07 novembro 2010

Hong Kong Fora de Horas


Filme muito pouco convencional, PTU (2003) é uma das grandes obras de Johnnie To e, dos filmes que dele vi, apenas The Mission (1999) e Sparrow (2008) lhe estão próximos. Retrato de uma noite infernal em Hong Kong, em que um sargento da brigada anti-crime perde infantilmente a sua arma, se vê envolvido na morte de um filho de um líder das tríades e recebe a ajuda pouco ética de um pelotão da Police Tactical Unit na busca da pistola, é mais um exemplo de uma enorme mestria de To nos terrenos do thriller e um filme que corta de maneira muito interessante com o maniqueísmo habitualmente associado ao cinema asiático.

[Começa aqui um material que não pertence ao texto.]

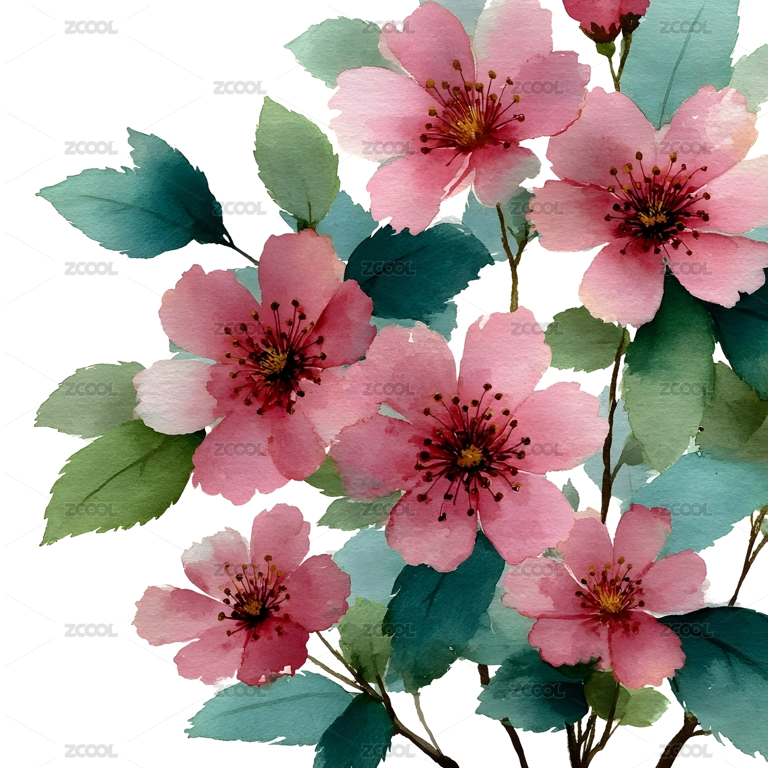 花朵,叶子,花瓣,花蕊,枝条,艺术,植物,盛开,水彩,红色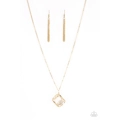 Gold circles join into an alluring 3-D box. A detached white gem freely sits in the gold box creating the illusion of a floating gem. The bright gold and dazzling gem create an incandescent design. Features an adjustable clasp feature.
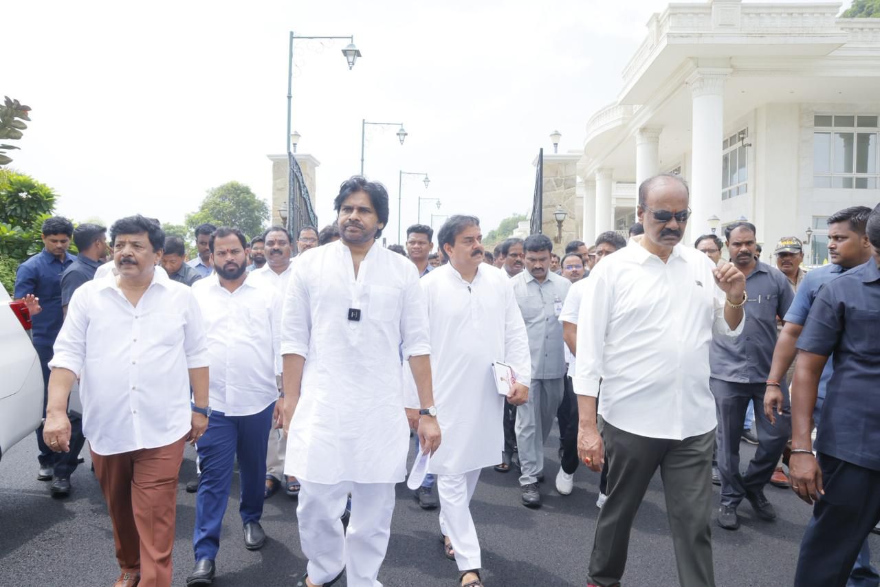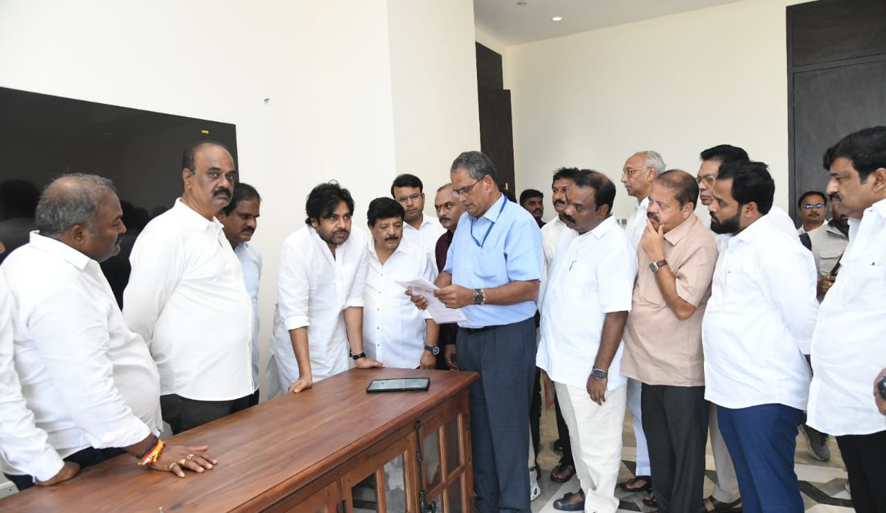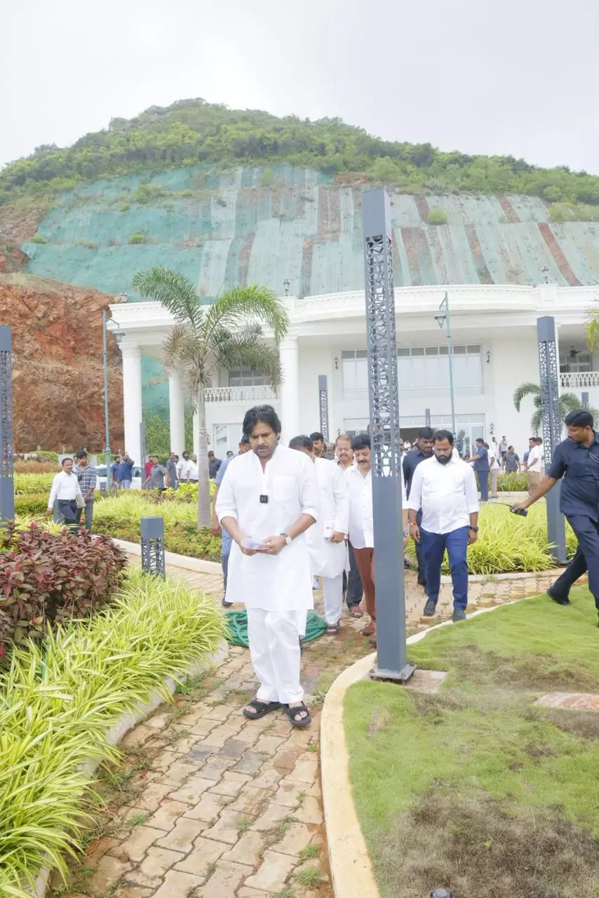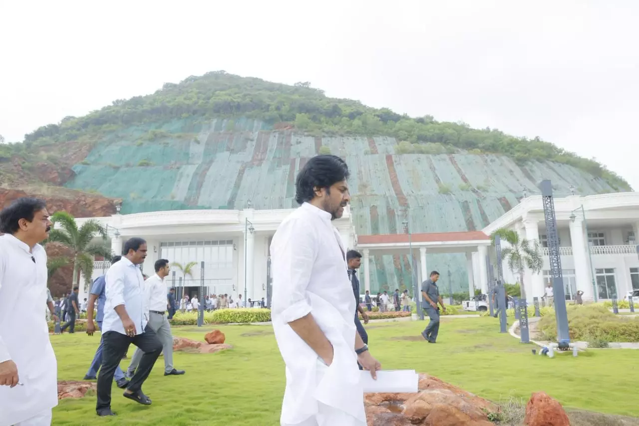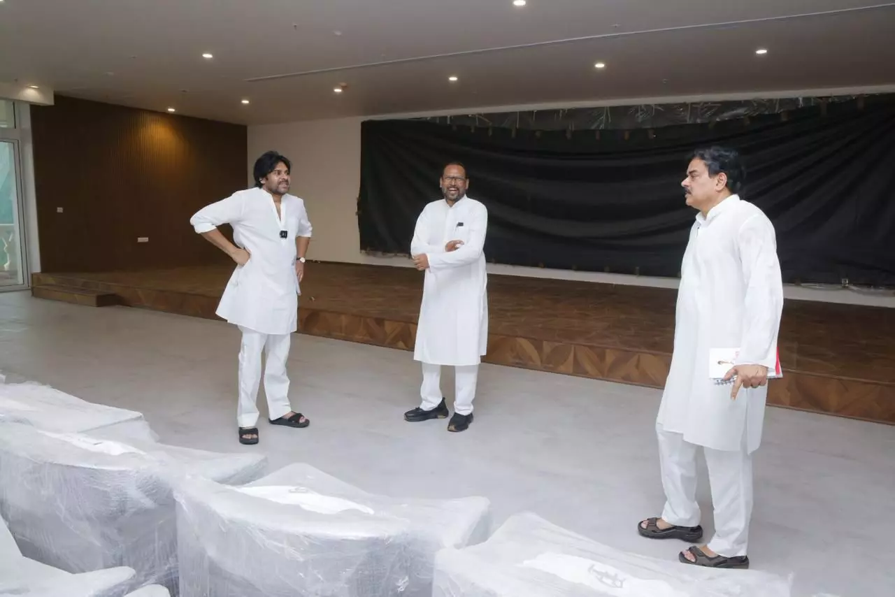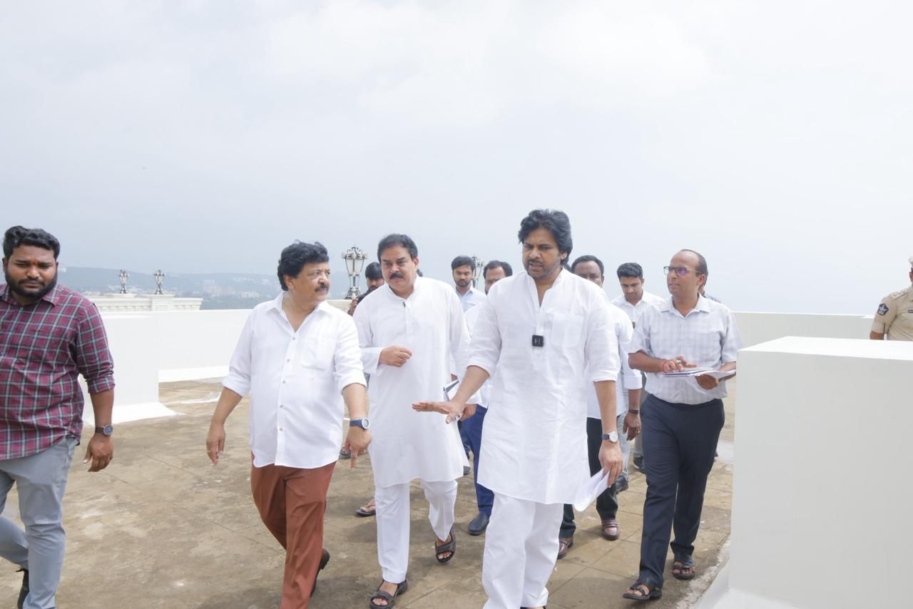 During the visit, Pawan Kalyan personally reviewed the construction sites and enquired about the progress and purpose of the buildings.

Mais do que um filme de acção – que só explode verdadeiramente na última cena – PTU é uma sucessão de deambulações, encontros, desencontros e cruzamentos na selva urbana deserta da madrugada, que o cineasta filma com desenvoltura, com o tradicional cuidado na gestão das diferentes tensões, com belos exemplos de mise en scène em profundidade de campo e com a capacidade, muito típica de Hong Kong, de desenvolver uma narrativa inteira com personagens de pouca densidade, todas definidas em traço grosso nos primeiros 20 minutos de filme. To é um extraordinário utilizador dos meios e da indústria de Hong Kong, conseguindo a um tempo inserir os seus filmes num género perfeitamente definido (o cinema de acção baseado no binómio polícia/tríades) e transcendê-lo completamente. Neste filme, para o fazer, conta com dois aliados particulares: o seu precioso sentido de enquadramento, que coloca em cada frame um sentido de perturbação que ajuda flagrantemente ao ambiente de pesadelo que o realizador procura; e um belíssimo aproveitamento das iluminações cromáticas, desde os tons de vermelho em momentos de violência, os amarelos e dourados perante figuras ou situações de poder e o retrato da urbe numa alternância de tons de preto ou de branco berrante em piscinas de luz, um pouco à maneira do que Robert Siodmak fez em The Killers (1946). Sobretudo, mais do que uma história simples, Johnnie To filma um mundo em que, polícias ou ladrões, toda a gente luta é para safar o próprio coiro, não olhando a meios para o fazer – genial a sequência do “interrogatório” no salão de jogos -, abdicando sagazmente de tomar partido por qualquer das partes interessadas. Infelizmente, esta overdose de estilo sem heróis a que o público se possa agarrar não fez muito pela carreira do cineasta, que desde 2001 tem tido progressivamente mais dificuldade em montar os seus projectos. É o preço do brilhantismo.


Por último, destaque para a belíssima companhia de actores que vemos em quase todos os filmes de To em papéis que correspondem, sem tirar nem pôr, aos tipos que interpretam noutros filmes: o belíssimo Lam Suet, sempre alguém com o seu quê de ridículo, a autoridade natural de Simon Yam ou a obesidade de Tian-lin Yang, que faz dele um óptimo chefe de uma tríade, ajudam o espectador já iniciado a entrar nas obras subsequentes de um universo que, nas suas relações estilísticas e temáticas, se alimenta de si mesmo.